Qwen3.5-27B abliterated fine-tune ships on HuggingFace for unrestricted multimodal inference
DavidAU released abliterated weights for Qwen3.5-27B-Polar-Rev1, a 27-billion-parameter multimodal model stripped of safety tuning and available for unrestricted image-text-to-text generation.
DavidAU released Qwen3.5-27B-Polar-Rev1-Uncensored-Heretic on HuggingFace on July 10, an abliterated fine-tune of Alibaba's Qwen3.5-27B-Polar-Rev1 multimodal model. The weights are tagged "uncensored," "abliterated," and "heretic," signaling removal of safety alignment layers that typically filter outputs in commercial releases. The model handles image-text-to-text tasks and ships as safetensors for local inference, compatible with the transformers library and runnable on consumer GPUs with sufficient VRAM for 27-billion-parameter models in half-precision or quantized formats.

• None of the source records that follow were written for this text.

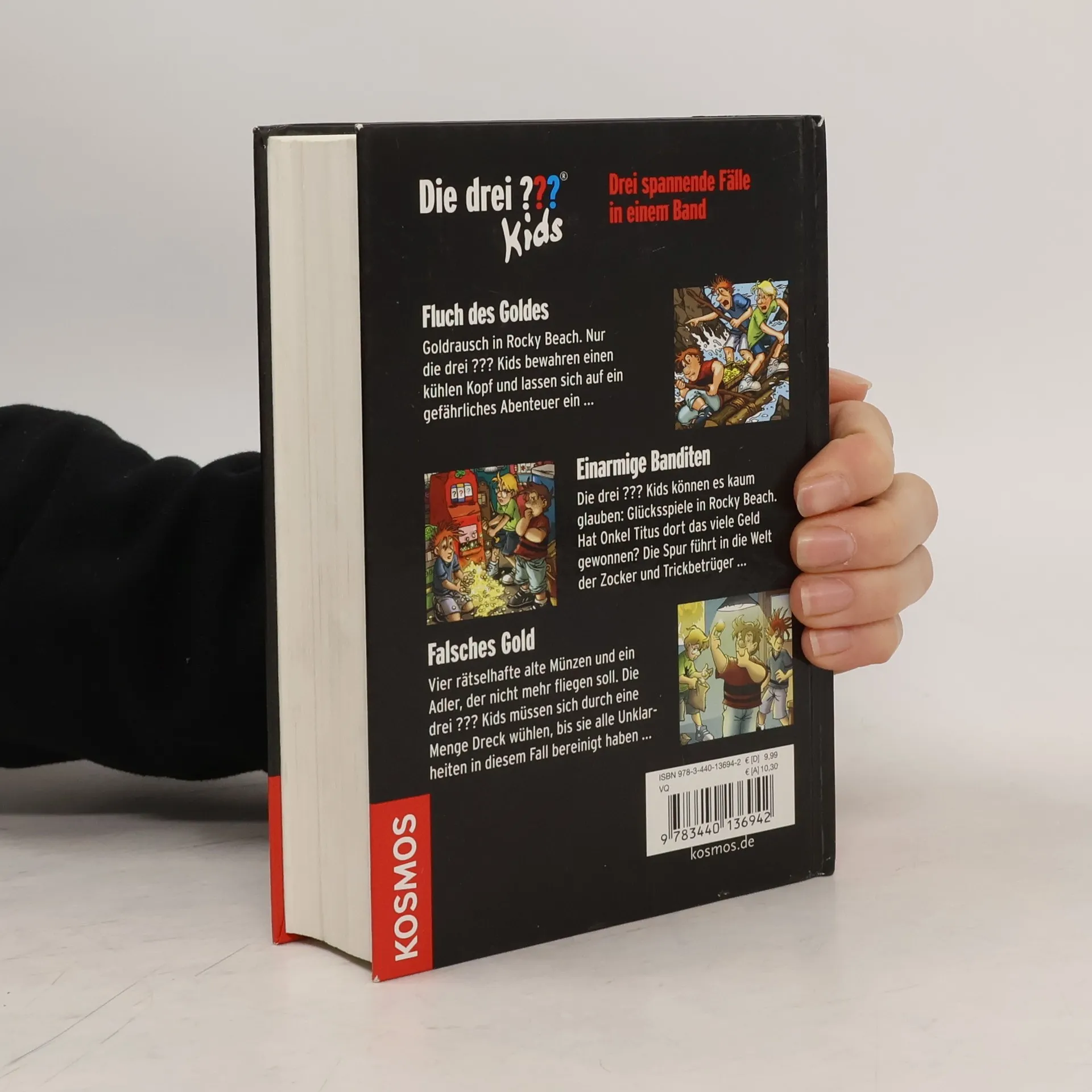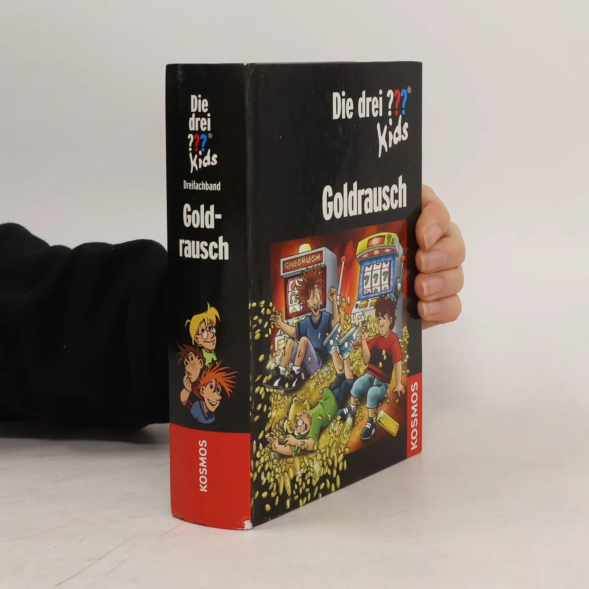 Justus, Peter und Bob beweisen aufs Neue, dass sie jedem Schurken gewachsen sind. Beim Goldrausch in Rocky Beach bewahren sie als einzige einen kühlen Kopf, sie nehmen es mit Zockern und Trickbetrügern auf und lösen den Fall um vier rätselhafte alte Münzen. Der spannende Dreifachband mit den Abenteuern: Fluch des Goldes, Einarmige Banditen, Falsches Gold.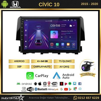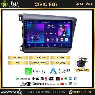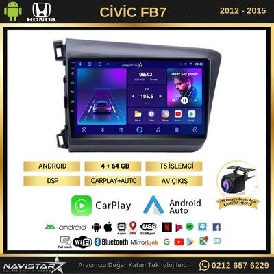Honda Civic Fb7 DUAL KNOB 10" 4GB + 64GB Android 13 Kablosuz Carplay 2012-2015 Navigasyon Multimedya Sistemi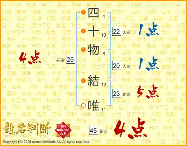 四十物結唯さんの総運は45画の4点!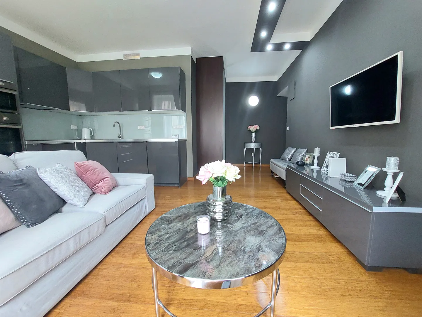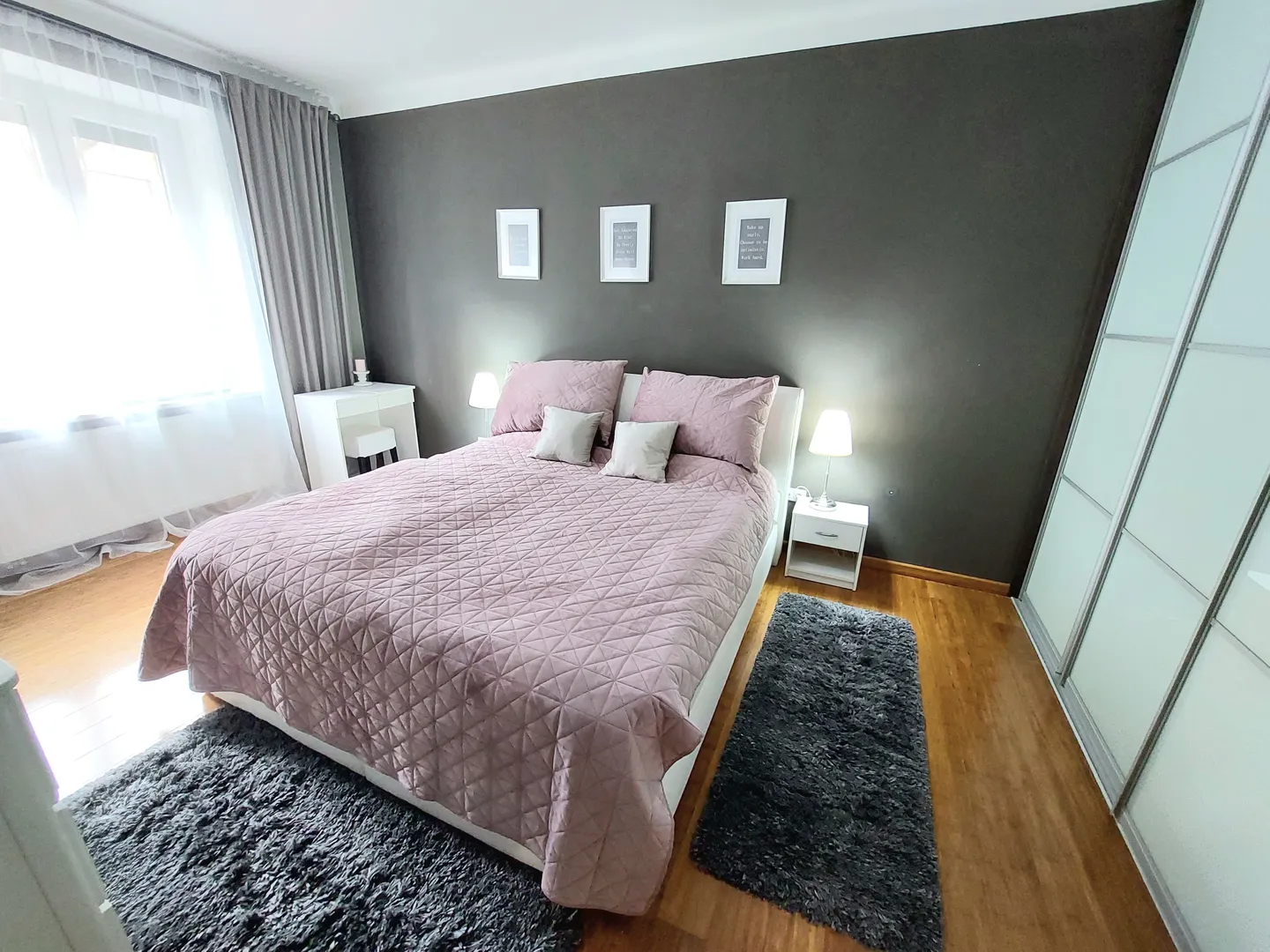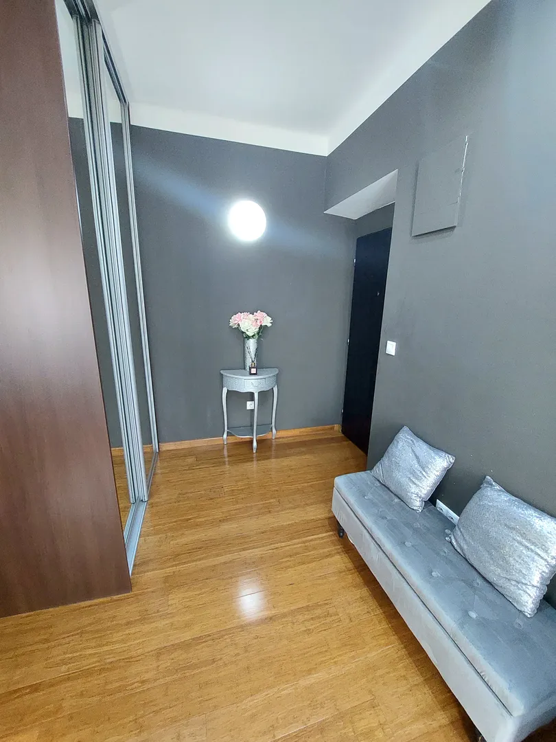 Novú dispozíciu bytu tvorí priestranná vstupná chodba, kuchyňa prepojená s obývačkou so vstupom na balkón, veľká spálňa, kúpeľňa s vaňou a WC, druhé samostatné WC s umývadlom. Vďaka svojej orientácii je byt veľmi tichý a svetlý, všetky okná smerujú do vnútrobloku.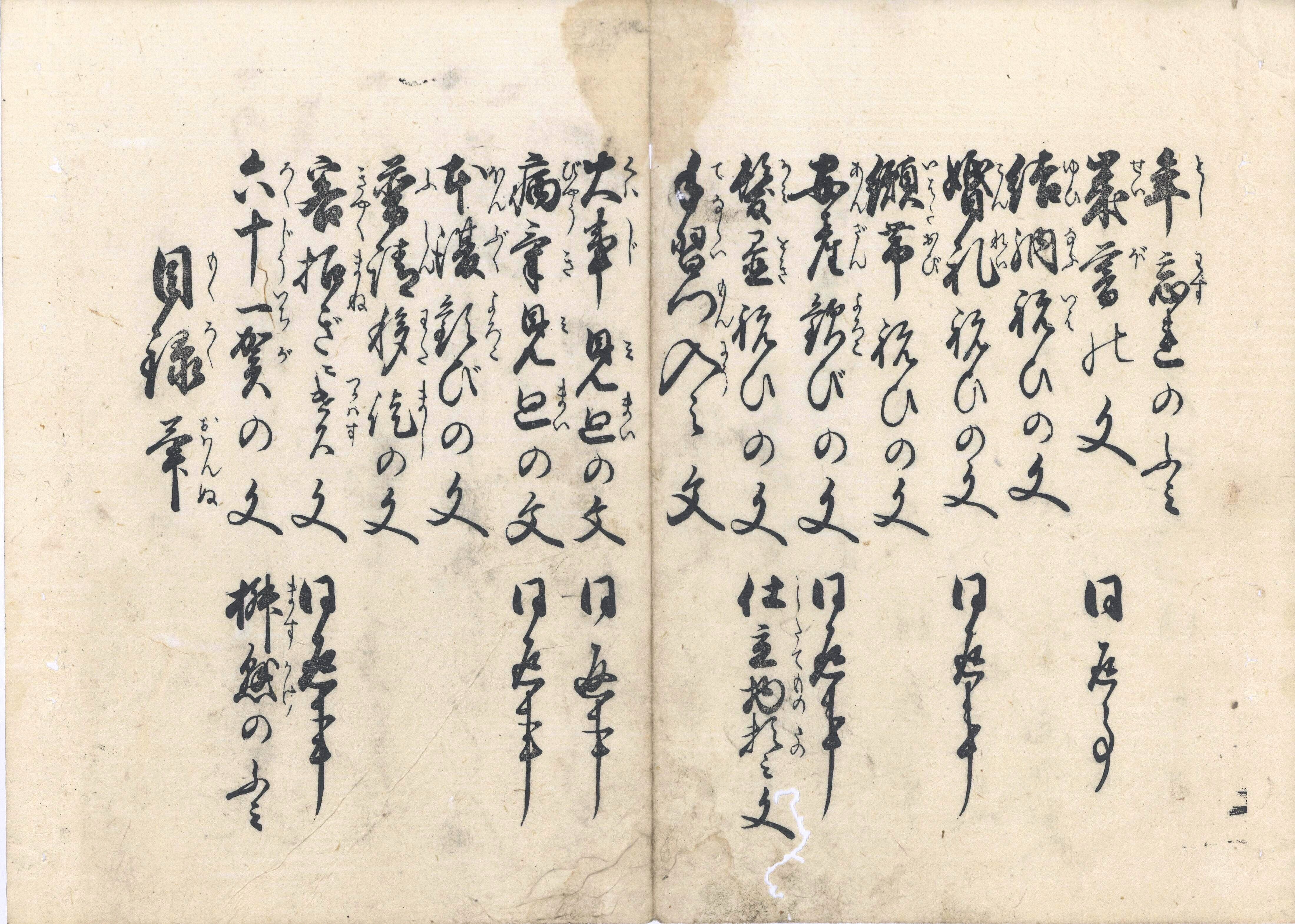 【備考】分類「往来物」。袋綴じ展開収録。刊年は見返しの書籍広告による。『女文章百千鳥』は、「年始の文」から「枡懸のふみ」までの48通の例文を収録した女用文章。概ね五節句や四季折々の手紙、各種祝儀状・見舞状等の順に収録し、各例文を大字・5行・ほとんど付訓で記す。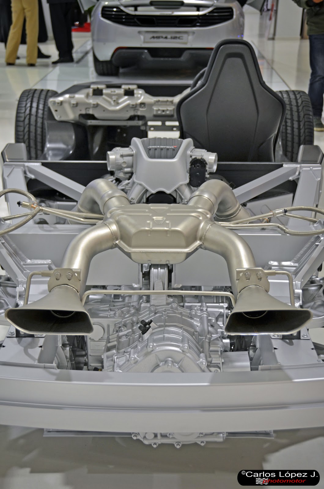 El MP4-12C, cuenta con chasis de fibra de carbono "monocasco", motor de aluminio y un peso de unos 1301 kg. en seco, que hacen de este gran deportivo de 3.8l., V8 bi-turbo y 600 cv., con una velocidad de 330km/h, un duro y gran adversario a batir.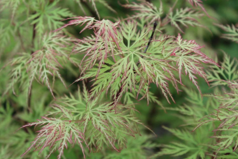 Acer palmatum dissectum Emerald Lace is remarkable not only for its graceful foliage, but also for the delicate, decorative appearance of its cream-streaked green bark.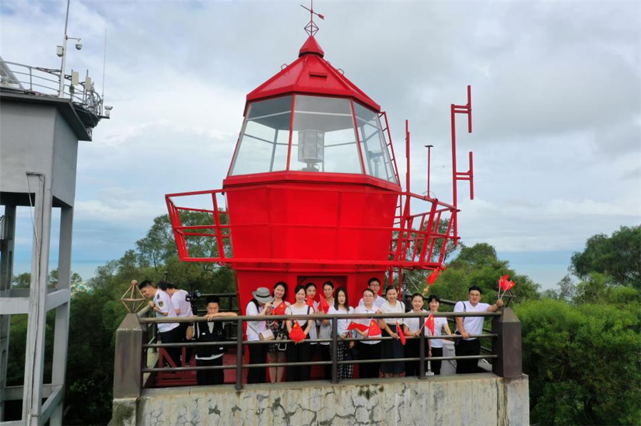 在北海市冠头岭灯塔,北海航标处工作人员带领前来体验学习的党员了解北海灯塔的建设历史和守护故事,并带领大家沿着护塔小径了解新中国成立以来几代灯塔守护人的事迹。现场,党员们在灯塔下重温入党誓词,齐唱《没有共产党就没有新中国》,用嘹亮的歌唱激励广大党员学习灯塔守护人坚守岗位、默默奉献的敬业爱岗精神,努力成长为照亮学生成长道路的灯塔。

Abliteration refers to the surgical removal of safety refusal mechanisms embedded during reinforcement learning from human feedback—a technique that has gained traction among practitioners running models locally without API-layer content filters. Multimodal variants like Polar-Rev1 extend text-only Qwen base models to handle image inputs alongside text prompts, a capability that has driven adoption in vision-language tasks ranging from OCR to image captioning to visual question answering. The checkpoint is marked not-for-all-audiences on HuggingFace, a designation the platform applies to models that lack content filtering or carry adult-oriented fine-tuning. DavidAU has released similar uncensored variants across the Qwen and Llama families, building a catalog of unrestricted checkpoints for users who need full control over model behavior. At publication, the model card showed zero downloads and two likes.